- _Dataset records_
=== Begin Enclosure ===

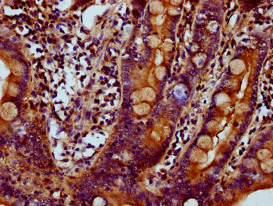 IHC image of CSB-PA621526LA01HU diluted at 1:700 and staining in paraffin-embedded human small intestine tissue performed on a Leica BondTM system. After dewaxing and hydration, antigen retrieval was mediated by high pressure in a citrate buffer (pH 6.0). Section was blocked with 10% normal goat serum 30min at RT. Then primary antibody (1% BSA) was incubated at 4°C overnight. The primary is detected by a biotinylated secondary antibody and visualized using an HRP conjugated SP system.
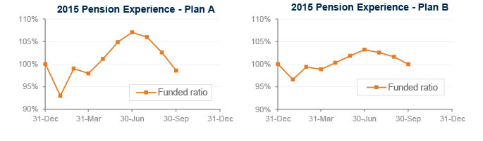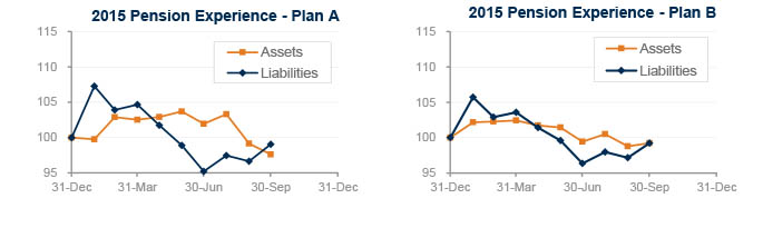 September was a rough month for pension sponsors, capping a rough third quarter of 2015. Declining stock markets and lower interest rates hurt pension plans last month, eliminating gains from earlier this year for both model pension plans we track1. Plan A lost 4% during September and is now down almost 2% for the year, while Plan B dropped 2% last month and is now basically even for the year through September.
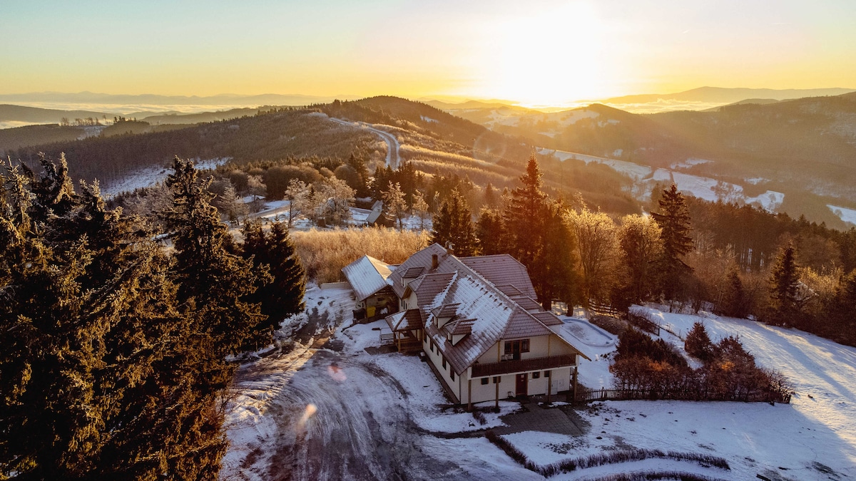 Nestled in the hills and forests lies a cottage that feels like a fairytale escape. The historic building, complemented by a newer one, offers cozy space for large groups. Accessible only by foot, this retreat offers true seclusion and tranquility. Each season has its magic: blossoming spring meadows, the forest’s summer scents, autumn’s golden hues, and winter wonderland scenes. After a day in nature, relax in the sauna or hot tub under the stars. Welcome to a place where time stands still.
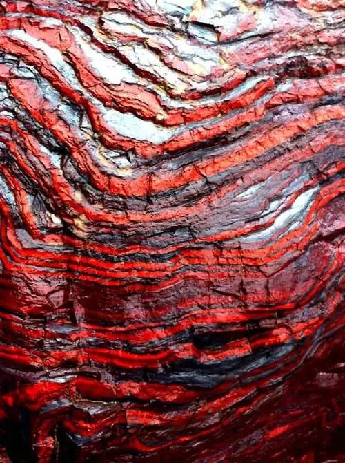 Agata de fuego, una variedad de Calcedonia, es una piedra semi-preciosa que puede ser encontrada en algunas areas de Mexico y Estados Unidos. Estas gemas fueron formadas durante el intenso vulcanismo que ocurrió durante el Terciario cuando el agua caliente saturada con sílice (tetraedros de silicio y oxigeno) y oxido de hierro llenó grietas y fisuras en las rocas de caja.
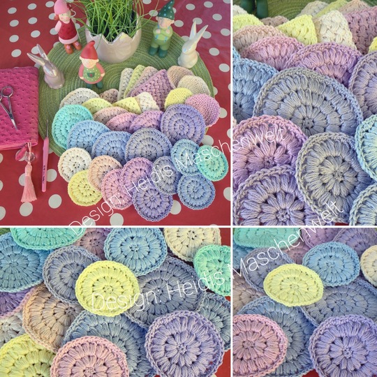 die kleinen Pads haben einen Durchmesser von ca. 6,5 cm, mit einer zusätzlichen Reihe der Büschelmaschen kannst du dir auch eine große Version mit einem Durchmesser von ca 8 cm anfertigen
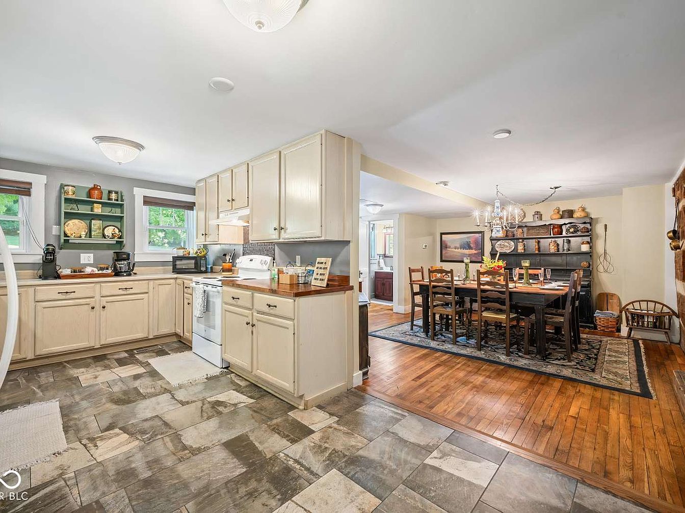 This open layout seamlessly blends a cozy kitchen and a formal dining room. The kitchen features cream cabinetry, rich wooden countertops, and stylish stone tile flooring. Decorative green shelves above the counter display plates and pottery, adding vintage character. Light from twin windows creates a bright, inviting atmosphere. The adjacent dining area has warm hardwood floors, a large wooden table surrounded by ladder-back chairs, and a patterned rug anchoring the space. A black hutch on the back wall showcases more antique ceramics, while a classic chandelier hangs above the table, enhancing the historic and welcoming aesthetic.
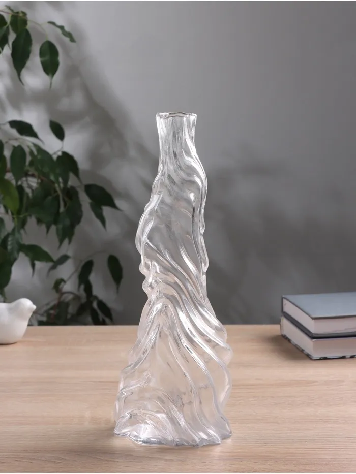Поставьте в неё несколько стеблей, чтобы подчеркнуть изящный силуэт, или создайте пышный букет — она гармонично дополнит оба варианта. Ваза сохранит лаконичную выразительность даже без наполнения, работая как самостоятельный арт-объект. Она привнесёт в пространство ощущение движения и света.
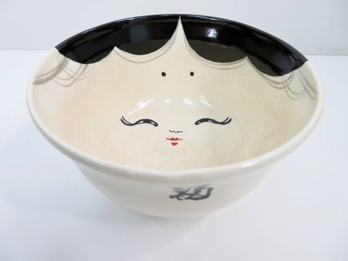 - 未使用品▲手塚大示造 京焼 茶器 茶道具 お福茶碗 お茶呑茶碗 手描き おかめ 銘あり 1客 管理2011 Z-2
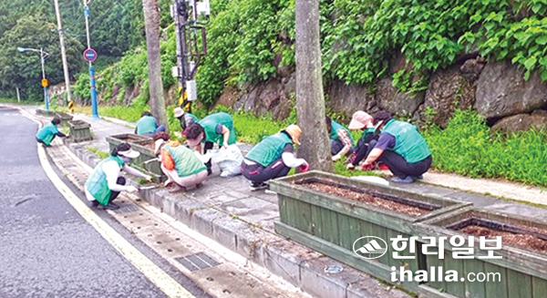 서귀포시 천지동 새마을부녀회(회장 강인삼)는 지난 11일 삼매봉 입구~외돌개 주차장 노선에 대해 하절기 계절화 심기에 앞서 풀베기 작업 및 화단정비 등 환경정비활동을 전개했다.

=== End Enclosure ===

- _Work item_
When you reach the line that has "die kleinen Pads" in the data above, start repeating lines exactly, and stop after the line that has "This open layout"; pictures stay out.

- _Answer space_
 die kleinen Pads haben einen Durchmesser von ca. 6,5 cm, mit einer zusätzlichen Reihe der Büschelmaschen kannst du dir auch eine große Version mit einem Durchmesser von ca 8 cm anfertigen
 This open layout seamlessly blends a cozy kitchen and a formal dining room. The kitchen features cream cabinetry, rich wooden countertops, and stylish stone tile flooring. Decorative green shelves above the counter display plates and pottery, adding vintage character. Light from twin windows creates a bright, inviting atmosphere. The adjacent dining area has warm hardwood floors, a large wooden table surrounded by ladder-back chairs, and a patterned rug anchoring the space. A black hutch on the back wall showcases more antique ceramics, while a classic chandelier hangs above the table, enhancing the historic and welcoming aesthetic.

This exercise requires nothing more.